The steamroller to sainthood remained an affront to many American Indians, who view the 18th-century California mission system that Serra represented to have subjected their ancestors to forced conversions, enslavement, and whipping.
”My blood pressure is going up right now, just hearing about it,” said Olin Tezcatlipoca, the director of the Mexica Movement, a Native American group opposing Serra sainthood. “This is a canonization of colonization, white supremacy, and genocide. Does that sound saintly to you?”
Mission Dolores and the other 20 California missions were “nothing less than concentration camps,” he said.
”There may not have been any barbed wire or watchtowers, but if you tried to escape you would be punished or killed, and those are the facts. The Catholic Church isn’t even addressing this.”
Several days ago, Los Angeles archbishop Jose Gomez met with Francis in Rome to support the canonization, saying that Serra “came to this New World with a burning love for the land and its people, (with) genuine respect for the indigenous people and their ways.”
Gomez, in a statement released by the Los Angeles archdiocese, said Serra critics had “distorted” his record. He said he regretted that the canonization “has opened old wounds and revived bitter memories about the treatment of Native Americans” during missionary times. Gomez said criticism of Serra “can be traced back to the anti-Spanish and anti-Catholic propaganda (that) prevents us from making an honest appraisal of Father Serra and America’s religious beginnings.”

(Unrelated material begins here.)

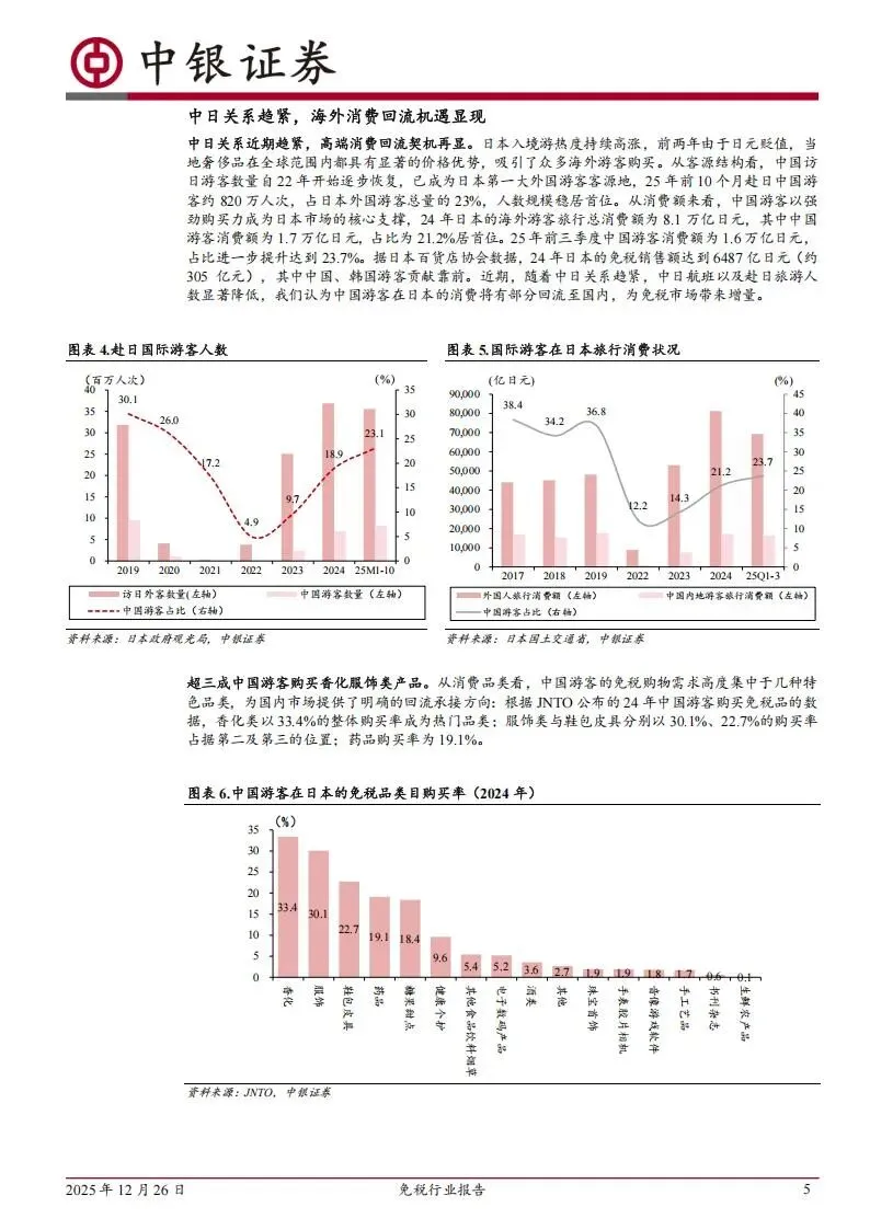 日本市场的消费动向也在影响国内免税的增量。2024年,日本的免税销售额达到了6487亿日元,折合人民币约305亿元,其中中国游客的贡献极为关键。2025年前三季度,中国游客在日本的旅行消费额达到1.6万亿日元,占比提升至23.7%,高居外国游客首位。这些游客最喜欢购买的品类依次是香化产品、服饰、鞋包皮具以及药品,购买率分别高达33.4%、30.1%、22.7%和19.1%。由于近期中日关系的变化,这部分庞大的海外消费需求有望回流至国内,为国内免税市场提供明确的增量空间。

He acknowledged that the “world of (Serra’s) times still considered native peoples, along with African Americans, to be less than full human,” but said he had “come to the conclusion that Father Serra should be remembered as one of the great pioneers of human rights in the Americas.”
A spokesman for the San Francisco archdiocese said the Serra controversy was the result of a “possible misunderstanding of facts.”
At the Mission Dolores cemetery, a visitor from Ireland, Michael Caplis, said the elevation of a Hispanic from California to sainthood was “fantastic” and “long overdue.”
”It’s a great thing,” he said, “and if they had to relax the rules to do it, that’s all right.”
And at the mission’s gift shop, cashier Melba Lopez said, in light of the good news from Rome, the store would have to stock up on Serra merchandise in time for the canonization. At present, the store offers Serra postcards for 50 cents, 65 cents, and $2, along with a Serra biography for $8. But after sainthood, the store will be obliged to add Saint Junipero Serra to its lineup of sterling silver saint medals, at $40 each.
”We’ll be ready in time,” Lopez said.